As can be seen from Table 2, in the mixed class rectangular target detection experiments, the IM-LSD algorithm has the highest detection accuracy of 94.50 %, and the MCMLSD algorithm has the lowest detection accuracy of 71.76 %. the IM-LSD algorithm has the shortest average processing time per image of 0.2 s, and the Linelet algorithm has the longest average processing time per image of 0.72 s. in the in the $Tu-pxiang$ dataset, the IM-LSD algorithm has the fastest average processing time per image and the highest accuracy among the six algorithms. Finally, the F-values of the six algorithms IM-LSD, Kanade, MIDV, MCMLSD, Linelet and LSD are compared and their experimental results are shown in Fig. 11.

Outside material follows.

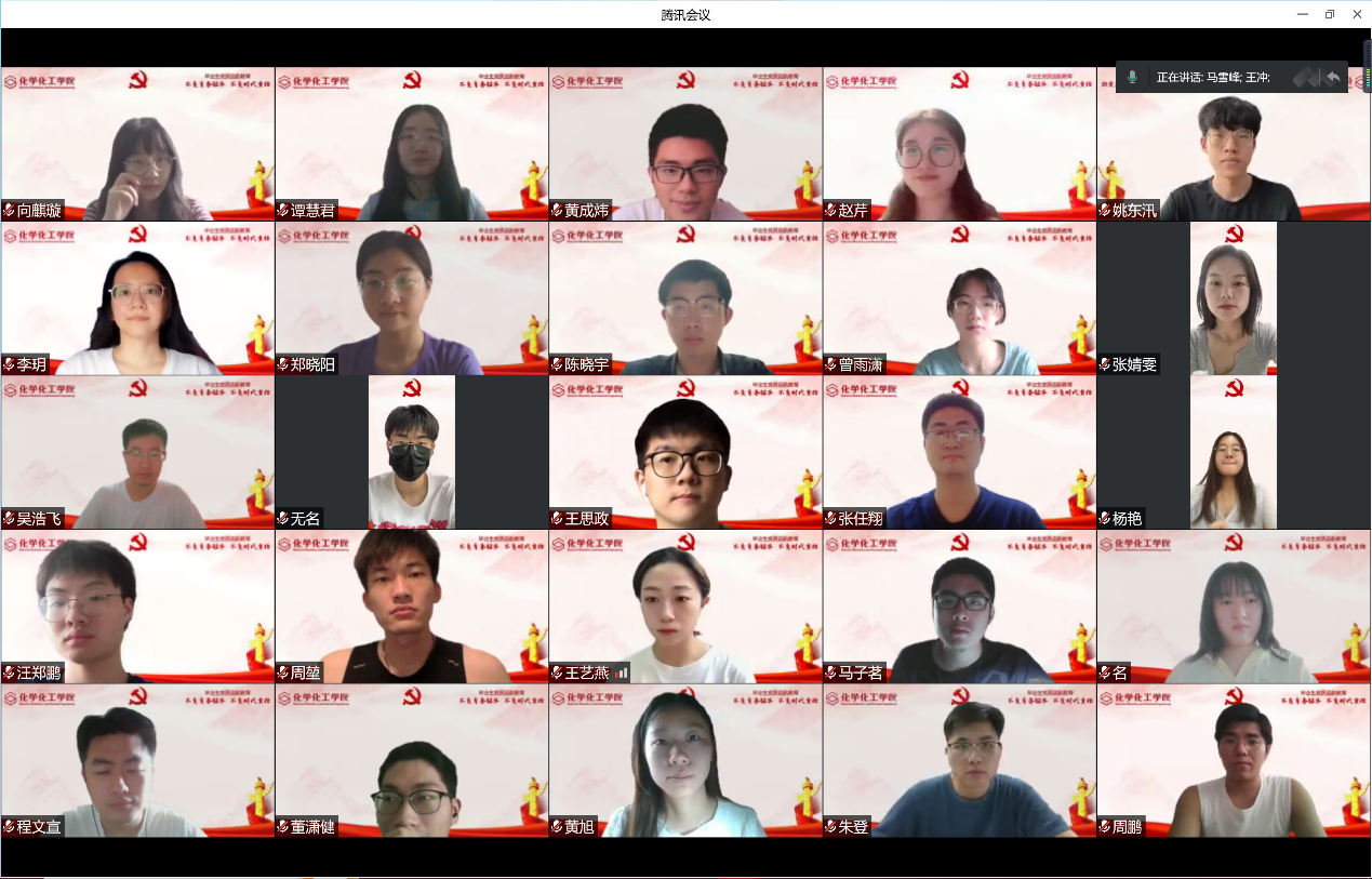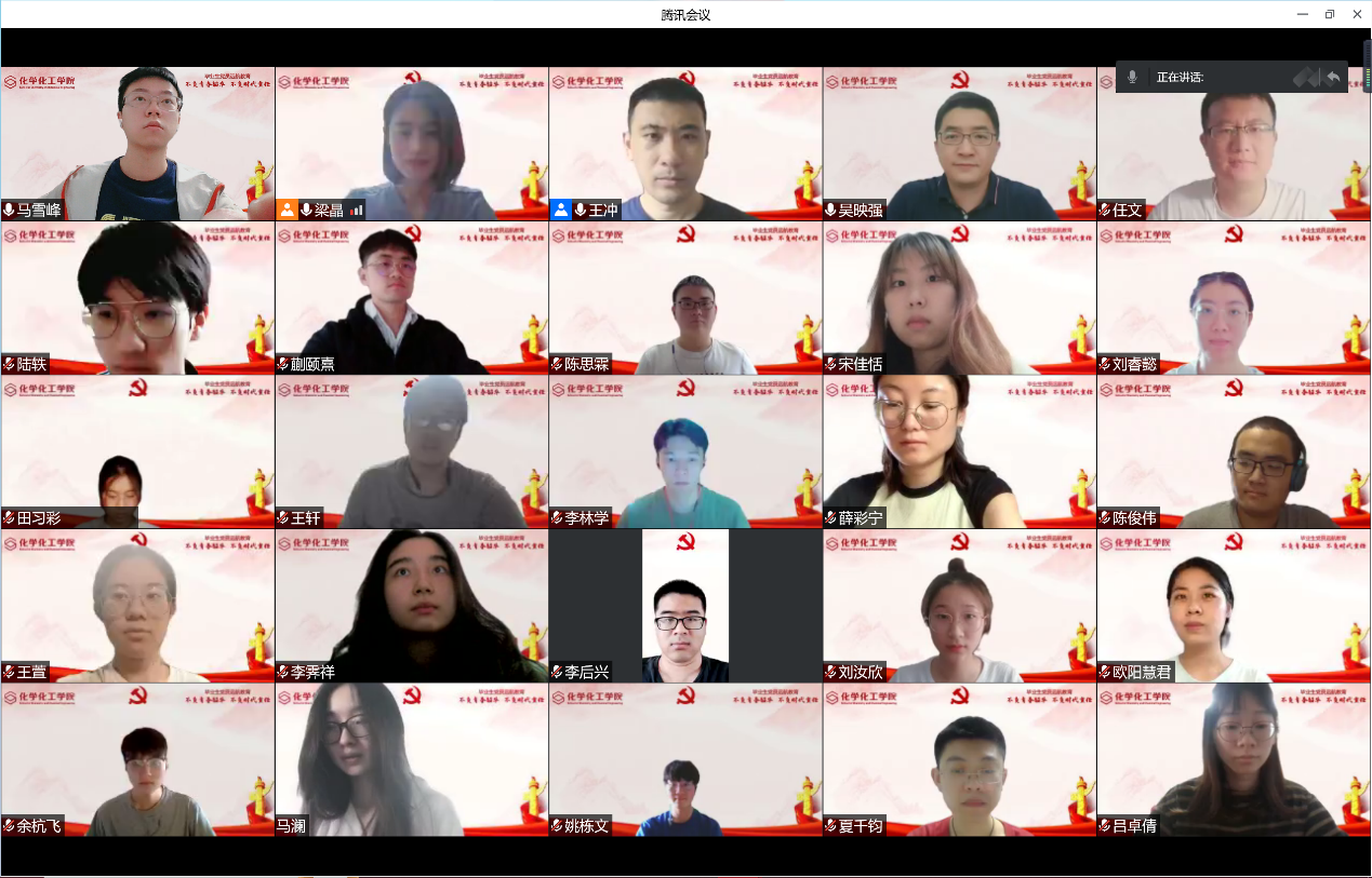 最后,吴映强为毕业生党员开展“不负青春韶华,不负时代责任”远航教育主题党课。他结合习近平总书记在庆祝中国共青团成立100周年大会上的重要讲话,号召毕业生党员以国家、时代责任为己任,将自己的命运与时代命运相连,在推动国家发展的过程中实现个人价值。同时向同学们分享了四位福利姬 优秀校友徐光宪、高小霞、徐名材、蔡力宏等为祖国建设而不断努力奋进的故事,勉励大家传承和发扬“霞光精神”,怀揣远大理想,发挥专业优势,贡献应有的力量。此外,吴老师也结合疫情号召各位党员同志用实际行动充分展现抗疫担当,要坚定理想信念,提高政治站位,在大上海保卫战中冲锋在前,有所作为。最后,吴老师向全体毕业生党员提出要求和期望,希望大家在今后能够志存高远、锐意进取、达观向上,传承和发扬好“霞光精神”,把个人命运与国家命运和民族前途紧密联系在一起,为祖国和社会的发展贡献自己的力量。

Fig. 11F-value of processing speed for different algorithms

In Fig. 11, the abscissa represents the running time of different segment detection algorithms on Tu-pxiang data set, and the ordinate represents the F- value of different segment detection algorithms. IM-LSD algorithm runs faster at 0.25 s and has a higher F-value of about 0.7. This is because IM-LSD algorithm scales the original image when detecting line segments, which reduces the cost of computation, and thus consumes a shorter period of time compared to several other algorithms. The shorter the running time and the faster the speed of the algorithm, the better the effect in practical applications and the more practical application value.

5. Conclusions

Aiming at the excessive number of line segments and easy breakage of line segments in line segment detection in image extraction, this study designed an improved LSD based on LSD algorithm. According to the findings, the accuracy of LSD in image extraction of IM-LSD algorithm proposed in this study reaches 92.65 %, which is 20.06 % higher than Kanade algorithm and 55.38 % higher than Linelet algorithm. The accuracy of IM-LSD algorithm is 94.12 % and 86.56 % in book and document target images respectively. The number of lines detected by IM-LSD algorithm is the least, the number of lines extracted from card images, book images and document images are around 65, 106 and 152 respectively. the detection speed of IM-LSD algorithm is significantly lower than other algorithms, the line detection speed is around 0.2 s, and the line detection speed is around 0.5 s. In the card images, the line detection speed is around 0.5 s. in the document images, the line detection speed is around 0.5 s. The line detection speed is about 0.2 s for card images, about 0.3 s for book images, and about 0.4 s for document images. In the mixed class rectangular target detection experiments, the IM-LSD algorithm has the highest detection accuracy of 94.50 % and the lowest average processing time of 0.2 s. The IM-LSD algorithm runs faster at 0.25 s and has a higher F-value. It shows that the improved LSD based on the LSD algorithm designed in this study effectively solves the problems of excessive number of interfering line segments, fuzzy rectangular boundaries and easy to break line segments, improves the speed of image extraction and detection, and better resists external interference. Finally, the shortcoming of this study lies in the small number of image types in the data set, and more types of images will be added in the future for further comparison and optimization. In addition, the improved LSD algorithm proposed in this study is only used for line detection, and whether it can effectively process curve line segments can be studied in the future.